Sumber gambar: https://pernikahan.asia

Oleh: Ustadz Muhammad Idris*

Pernikahan merupakan salah satu ajaran syariat Islam. Dengan pernikahan akan terjadi kesinambungan kehidupan dari satu generasi ke generasi berikutnya. Pernikahan bukanlah hanya sebagai sarana penyaluran nafsu seksual semata, melainkan lebih bertujuan untuk menjalin kasih sayang, serta mewujudkan kedamaian dan ketentraman bagi yang melaksanakannya. Apabila kehidupan keluarga damai, terciptalah masyarakat yang aman dan tenteram.
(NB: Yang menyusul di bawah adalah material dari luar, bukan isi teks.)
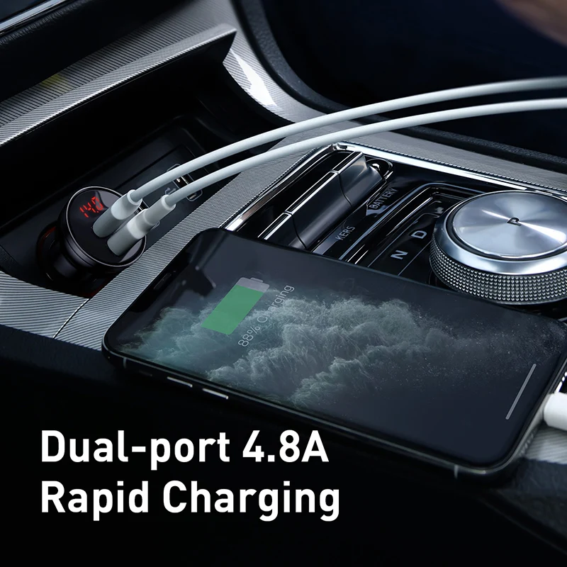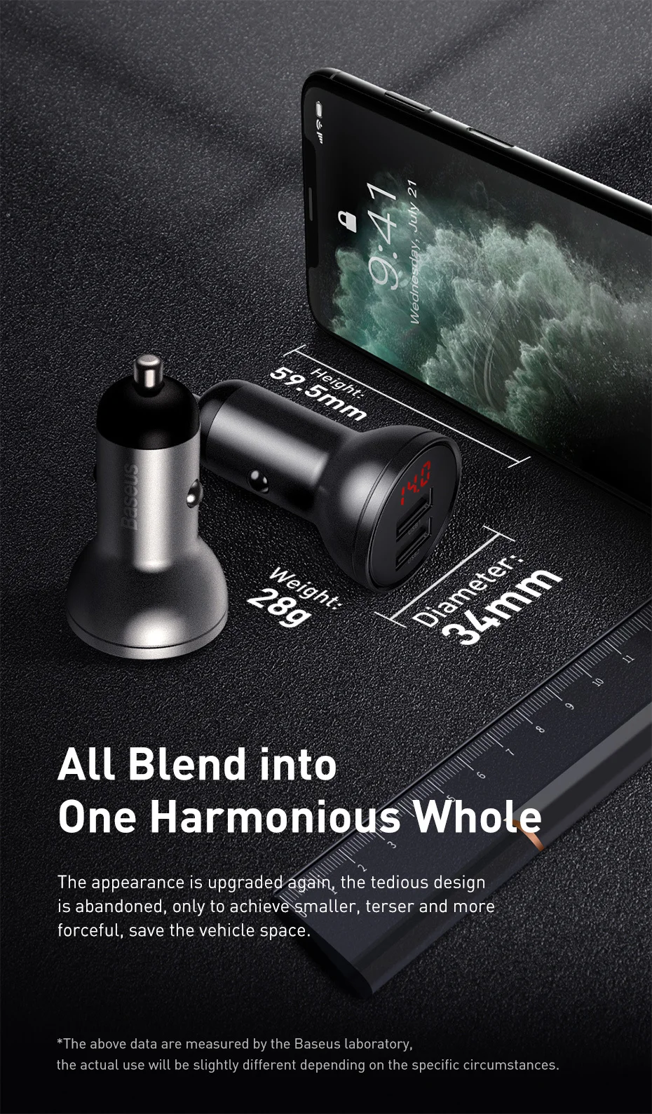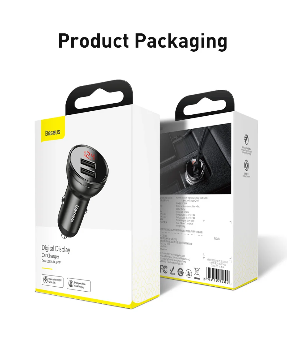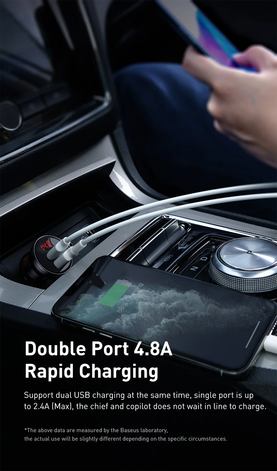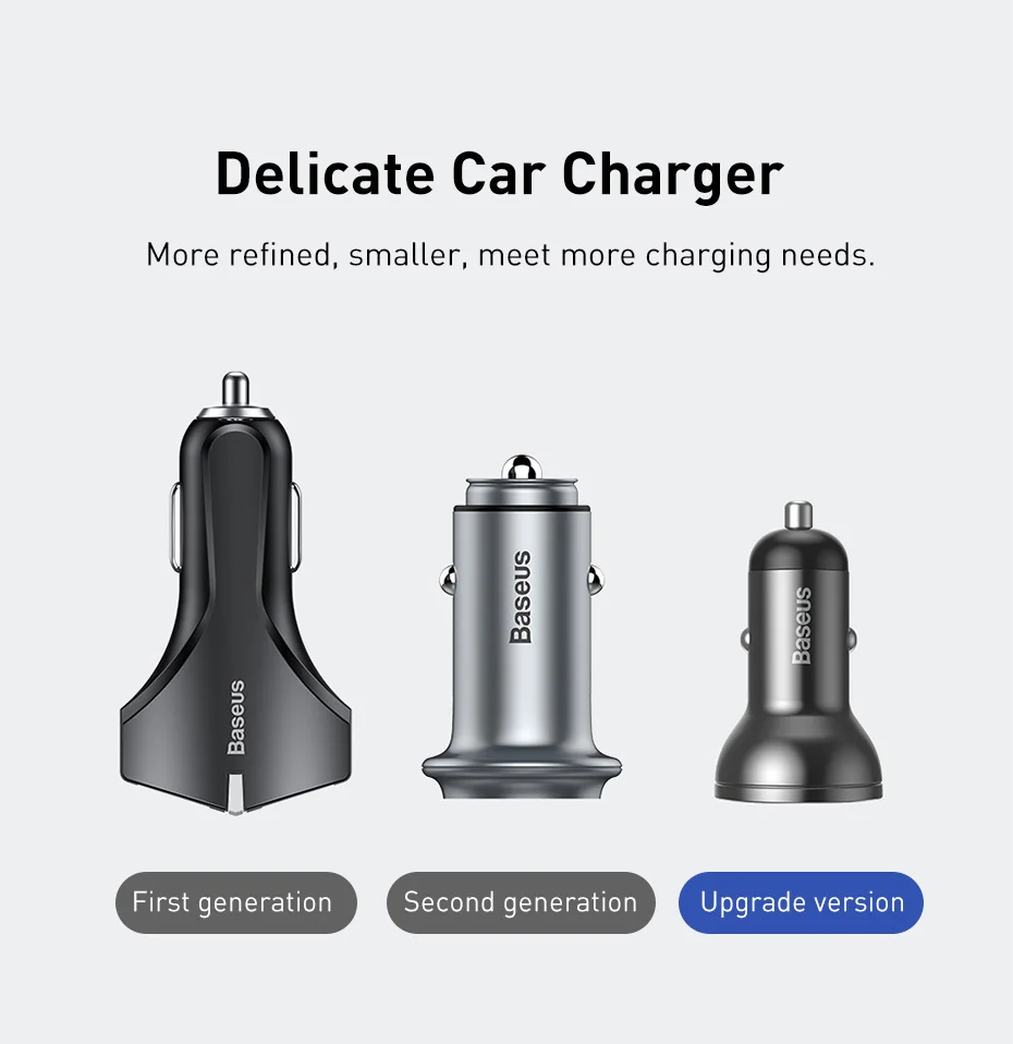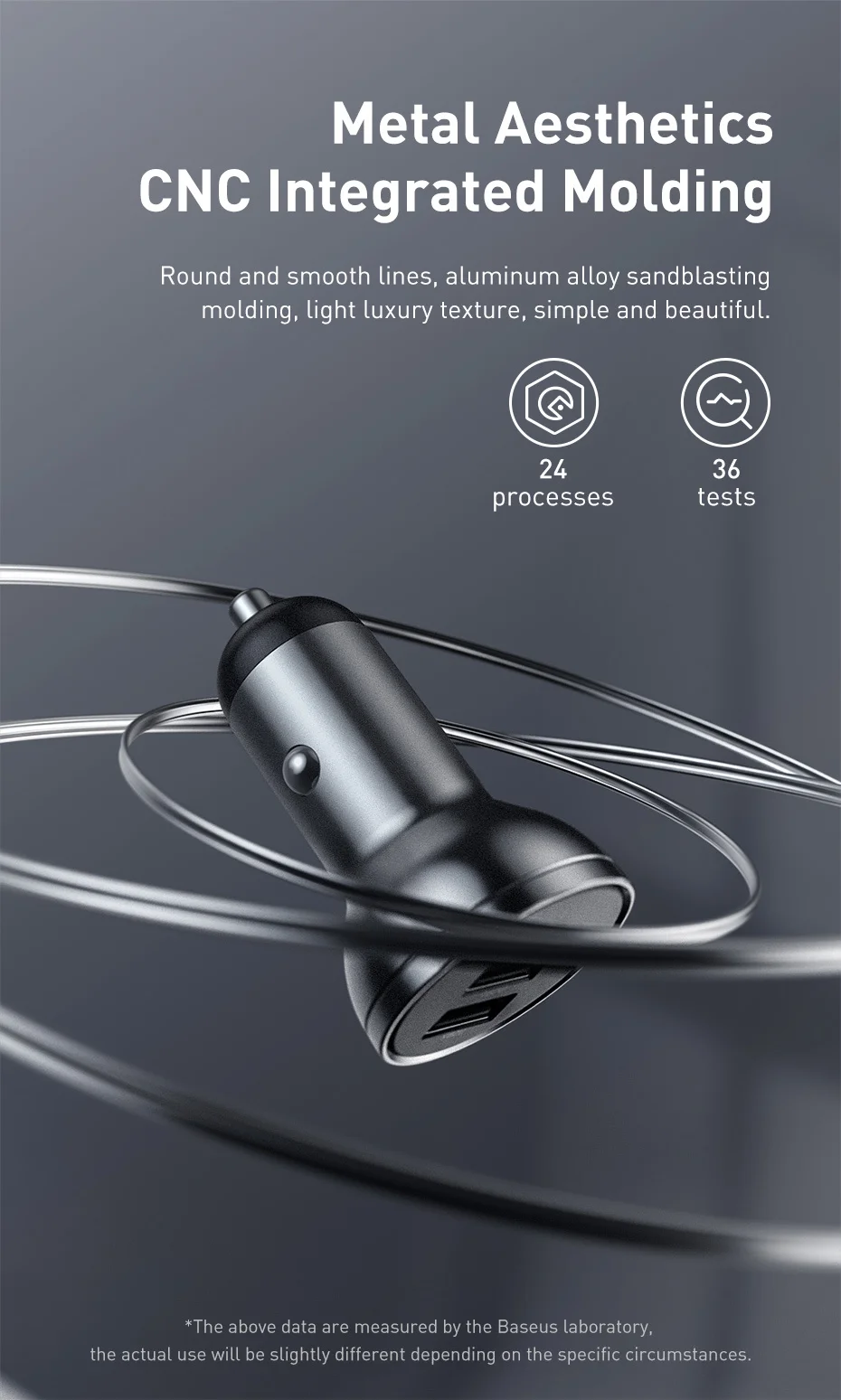 Comprar Baseus-cargador USB Dual de Metal para coche, adaptador de carga rápida para teléfono móvil iPhone y Xiaomi, 24W, 4.8A

Pernikahan dirasa sebagai momentum yang sakral dan istimewa, karena pada umumnya pernikahan hanya sekali seumur hidup. Hal ini menandakan bahwa pernikahan bersifat kekal tanpa mengenal batas waktu. Tak heran jika sebagian besar orang mengadakan syukuran yang megah untuk prosesi pernikahannya, bahkan rela mengeluarkan biaya yang cukup mahal untuk prosesi yang hanya berlangsung dalam hitungan jam. Melihat realitas tersebut, pernikahan dianggap hal yang sangat penting dan bersejarah dalam fase perkembangan hidup manusia.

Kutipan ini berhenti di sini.